Ja, jeder Antrag ist rechtlich ein eigener Vorgang mit eigener Gebühr, auch für Kinder. Der Unterschied liegt im Betrag, nicht im Verfahren: Die Gebühr eines Kindes wird automatisch auf die Hälfte des Erwachsenensatzes gekürzt, das KVR muss dafür nicht gesondert gebeten werden. Erfüllt die Familie die Voraussetzungen von § 53 AufenthV, also aktueller Bezug von SGB II, SGB XII oder Asylbewerberleistungsgesetz, gilt die vollständige Befreiung ebenfalls für jedes einzelne Kind, nicht nur für die Person, die im Bescheid namentlich genannt ist.

Ich habe gerade meinen Job verloren und kann mein Einkommen im Moment nicht belegen. Was bedeutet das für die Gebühr?

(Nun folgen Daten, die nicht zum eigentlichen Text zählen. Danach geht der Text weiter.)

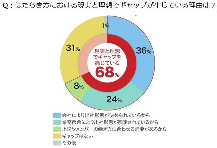 調査を通して、約7割の人がはたらき方において現実と理想のギャップを感じていることが分かりました。ギャップが生じている理由は、「会社により出社形態が決められているから」36%、「業務都合により出社形態が限定されているから」24%、「上司やメンバーのはたらき方に合わせる必要があるから」8%。出社形態が業務特性上限定的にならざるを得ない人を除き、会社から決められている人や周囲に合わせている人は、本来であればはたらく場所を自ら選択する余地があるにも関わらず、自分の意志で決められていません。そのことが不満要因になっており、多くの人にとってはたらく場所を主体的に選びたいと思っていると言えます。

§ 53 AufenthV erlässt die Gebühr für jeden Haushalt, der aktuell auf SGB II, SGB XII oder Leistungen nach dem Asylbewerberleistungsgesetz angewiesen ist. Ein separates Antragsverfahren dafür existiert nicht, es reicht, einen aktuellen Bescheid vom Jobcenter oder Sozialbürgerhaus zum Termin mitzubringen. Hat sich Ihre Lage seit der letzten Verlängerung verändert, neuer Leistungsbezug, reduzierte Arbeitszeit, Jobverlust, lohnt es sich, das aktiv beim KVR anzusprechen, statt automatisch von der vollen Gebühr auszugehen.

Ich bin türkischer Staatsangehöriger. Warum zahle ich einen anderen Betrag als mein Nachbar?

Türkische Staatsangehörige fallen unter eine eigenständige, niedrigere Gebühr aus dem Assoziationsabkommen EWG-Türkei, konkret aus dem Beschluss ARB 1/80: 47 Euro ab 24 Jahren, 27,60 Euro darunter. Dieser Satz ersetzt sowohl den regulären Erwachsenensatz von 93 bis 100 Euro als auch den halbierten Kindersatz von bis zu 50 Euro, er gilt gleichermaßen für Kinder wie für Erwachsene. Am Schalter wird dieser Punkt nicht immer von sich aus erwähnt, wer türkischer Staatsangehöriger ist, fragt am besten aktiv danach.

Warum liegt meine Verlängerungsgebühr bei 93 Euro, während bei einer Bekannten 96 Euro fällig wurden?

§ 45 AufenthV koppelt die Verlängerungsgebühr an die Gültigkeitsdauer des neuen Titels: 93 Euro, wenn er länger als drei Monate gilt, 96 Euro, wenn er höchstens drei Monate umfasst. Der Unterschied ist kein Fehler der Behörde, sondern spiegelt schlicht, wie lange der neu ausgestellte Titel gültig sein wird, was wiederum vom individuellen Fall abhängt.